What's needed is a word-for-word retyping of the entries below, pictures omitted.

- - - -

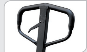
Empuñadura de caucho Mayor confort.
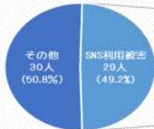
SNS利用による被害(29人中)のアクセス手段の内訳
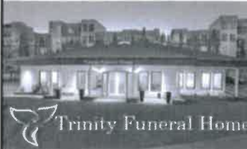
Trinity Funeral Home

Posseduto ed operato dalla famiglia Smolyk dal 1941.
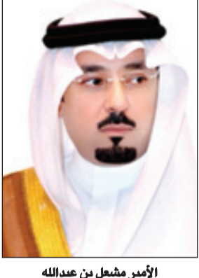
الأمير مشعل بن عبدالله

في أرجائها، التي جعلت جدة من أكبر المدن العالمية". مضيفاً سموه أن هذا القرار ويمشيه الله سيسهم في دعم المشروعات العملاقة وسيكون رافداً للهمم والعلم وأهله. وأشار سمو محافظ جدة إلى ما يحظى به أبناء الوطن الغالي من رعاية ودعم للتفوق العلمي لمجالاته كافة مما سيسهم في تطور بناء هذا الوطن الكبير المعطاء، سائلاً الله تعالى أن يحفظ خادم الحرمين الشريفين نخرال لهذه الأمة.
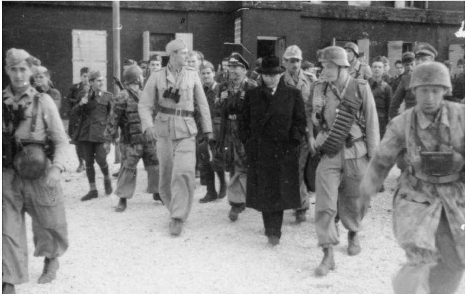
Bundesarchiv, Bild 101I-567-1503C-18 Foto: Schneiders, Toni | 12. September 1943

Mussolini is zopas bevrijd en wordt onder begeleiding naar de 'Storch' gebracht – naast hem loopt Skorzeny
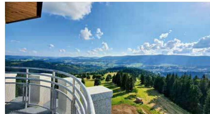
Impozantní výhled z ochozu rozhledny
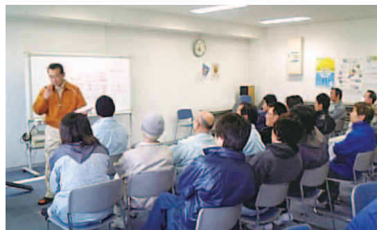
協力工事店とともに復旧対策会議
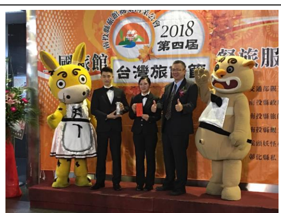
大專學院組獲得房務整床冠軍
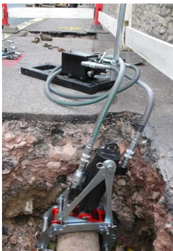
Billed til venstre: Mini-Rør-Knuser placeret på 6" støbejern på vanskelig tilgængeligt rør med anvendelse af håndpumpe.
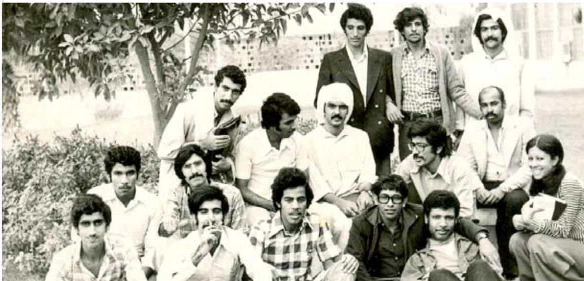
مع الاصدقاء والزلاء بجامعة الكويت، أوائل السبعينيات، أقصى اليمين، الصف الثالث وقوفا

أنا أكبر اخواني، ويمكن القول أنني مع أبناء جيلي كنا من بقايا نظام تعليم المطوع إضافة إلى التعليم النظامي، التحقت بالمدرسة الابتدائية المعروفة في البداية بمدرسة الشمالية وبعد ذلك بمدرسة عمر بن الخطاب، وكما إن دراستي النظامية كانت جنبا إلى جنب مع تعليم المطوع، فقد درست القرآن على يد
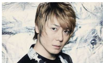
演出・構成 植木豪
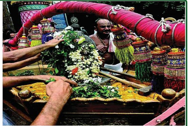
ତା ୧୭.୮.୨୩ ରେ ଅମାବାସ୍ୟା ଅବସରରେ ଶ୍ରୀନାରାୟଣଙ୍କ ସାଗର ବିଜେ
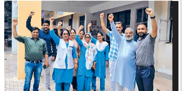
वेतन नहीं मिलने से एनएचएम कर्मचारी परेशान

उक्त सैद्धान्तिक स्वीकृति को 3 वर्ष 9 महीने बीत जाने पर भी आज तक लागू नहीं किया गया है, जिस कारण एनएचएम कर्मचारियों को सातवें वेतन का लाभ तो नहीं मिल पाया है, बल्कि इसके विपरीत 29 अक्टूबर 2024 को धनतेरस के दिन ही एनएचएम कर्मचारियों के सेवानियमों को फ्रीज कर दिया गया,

- - - -

• [Response to this exercise]
Empuñadura de caucho Mayor confort.
SNS利用による被害(29人中)のアクセス手段の内訳
Trinity Funeral Home

Posseduto ed operato dalla famiglia Smolyk dal 1941.
الأمير مشعل بن عبدالله

في أرجائها، التي جعلت جدة من أكبر المدن العالمية". مضيفاً سموه أن هذا القرار ويمشيه الله سيسهم في دعم المشروعات العملاقة وسيكون رافداً للهمم والعلم وأهله. وأشار سمو محافظ جدة إلى ما يحظى به أبناء الوطن الغالي من رعاية ودعم للتفوق العلمي لمجالاته كافة مما سيسهم في تطور بناء هذا الوطن الكبير المعطاء، سائلاً الله تعالى أن يحفظ خادم الحرمين الشريفين نخرال لهذه الأمة.
Bundesarchiv, Bild 101I-567-1503C-18 Foto: Schneiders, Toni | 12. September 1943

Mussolini is zopas bevrijd en wordt onder begeleiding naar de 'Storch' gebracht – naast hem loopt Skorzeny
Impozantní výhled z ochozu rozhledny
協力工事店とともに復旧対策会議
大專學院組獲得房務整床冠軍
Billed til venstre: Mini-Rør-Knuser placeret på 6" støbejern på vanskelig tilgængeligt rør med anvendelse af håndpumpe.
مع الاصدقاء والزلاء بجامعة الكويت، أوائل السبعينيات، أقصى اليمين، الصف الثالث وقوفا

أنا أكبر اخواني، ويمكن القول أنني مع أبناء جيلي كنا من بقايا نظام تعليم المطوع إضافة إلى التعليم النظامي، التحقت بالمدرسة الابتدائية المعروفة في البداية بمدرسة الشمالية وبعد ذلك بمدرسة عمر بن الخطاب، وكما إن دراستي النظامية كانت جنبا إلى جنب مع تعليم المطوع، فقد درست القرآن على يد
演出・構成 植木豪
ତା ୧୭.୮.୨୩ ରେ ଅମାବାସ୍ୟା ଅବସରରେ ଶ୍ରୀନାରାୟଣଙ୍କ ସାଗର ବିଜେ
वेतन नहीं मिलने से एनएचएम कर्मचारी परेशान

उक्त सैद्धान्तिक स्वीकृति को 3 वर्ष 9 महीने बीत जाने पर भी आज तक लागू नहीं किया गया है, जिस कारण एनएचएम कर्मचारियों को सातवें वेतन का लाभ तो नहीं मिल पाया है, बल्कि इसके विपरीत 29 अक्टूबर 2024 को धनतेरस के दिन ही एनएचएम कर्मचारियों के सेवानियमों को फ्रीज कर दिया गया,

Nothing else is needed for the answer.